• Redundancy of Individual Employees

  • Luana Farrugia M. Adv

    The Covid-19 pandemic has severely impacted businesses, companies and workplaces, virtually wiping out certain industries and leading to individual redundancies. The Industrial Tribunal has held that, as a general rule, redundancies should only be acceptable in certain situations, and in a particular decision, listed four criteria which would justify this course of action:

    1. Redundancy must be due to a lack of work, which results in lower financial income;
    2. There must be a general or specific change in work which requires different skills and competencies;
    3. There must be a change in the nature of the work resulting from restructuring which is necessary for the improvement of the company’s functions, and;
    4. A restructuring plan clearly shows the real necessity of reducing the number of employees.

    Of considerable importance is the notion laid down by the Tribunal that if the reason for redundancy is the abolition of the post, it must be adequately proved that the role in question has to be abolished. It cannot be shown that the responsibilities and duties borne by that role were absorbed by and distributed to other roles.

    Individual redundancies are subject to the following rules:

    1. RIGHT OF FIRST REFUSAL

    The Employment and Industrial Relations Act (“the Act”) explains that a contract of service for an indefinite time may be terminated on grounds of redundancy by giving notice and the employee would then be entitled to being offered the same job if the same post becomes available within one year of the redundancy.

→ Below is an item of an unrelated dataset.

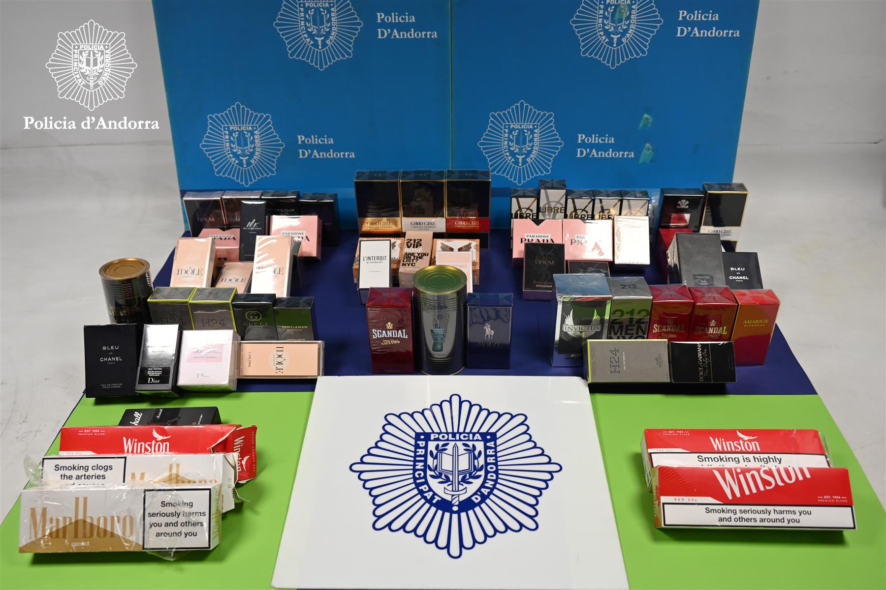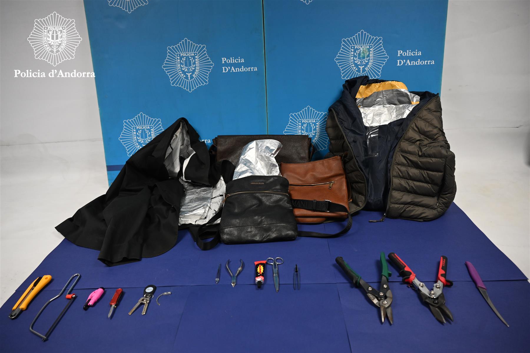 Se’ls va trobar 55 perfums, 45 paquets de tabac, jaquetes i bosses folrades amb paper d’alumini, així com estris que se solen fer servir per cometre furts de mercaderies, com tallaungles, alicates i imants per treure les alarmes als productes. El material sostret té un valor superior als 3.200 euros.

    1. SAME CONDITIONS TO APPLY IN CASE OF RE-EMPLOYMENT

    Should the employee be re-employed within 12 months following redundancy, the working conditions cannot be less favourable than those in force during the period of employment  and the re-employment shall be considered to be a continuation of the original employment..

    1. LAST IN, FIRST OUT

    The vitally crucial principle of redundancy, ‘last in, first out’ is established in our law. This essentially means that an employer is not allowed to pick which employee is to be declared redundant but must terminate the employment that person who was engaged last in the class of employment affected by redundancy.

    The rule means that the employee to be declared redundant is not necessarily the last employee to be employed, if the position occupied is not going to be abolished. The terminated employee must be the last one recruited in a particular class or category as defined in a collective agreement, or, if no collective agreement exists, by reference to the work performed by the various employees. Therefore, if two employees have different titles or names to their post, but realistically perform the same work, the employee rendered redundant would be that one who was last employed.

    This rule is subject to one exception  – where an employee is related  to the employer by consanguinity or affinity up to the third degree, the employer may, instead of terminating the employment of that person who would have been the last one employed, terminate that of the person next in turn. However, this exception does not apply if the employer is a limited liability company or a statutory body.

  • The information provided does not constitute legal advice.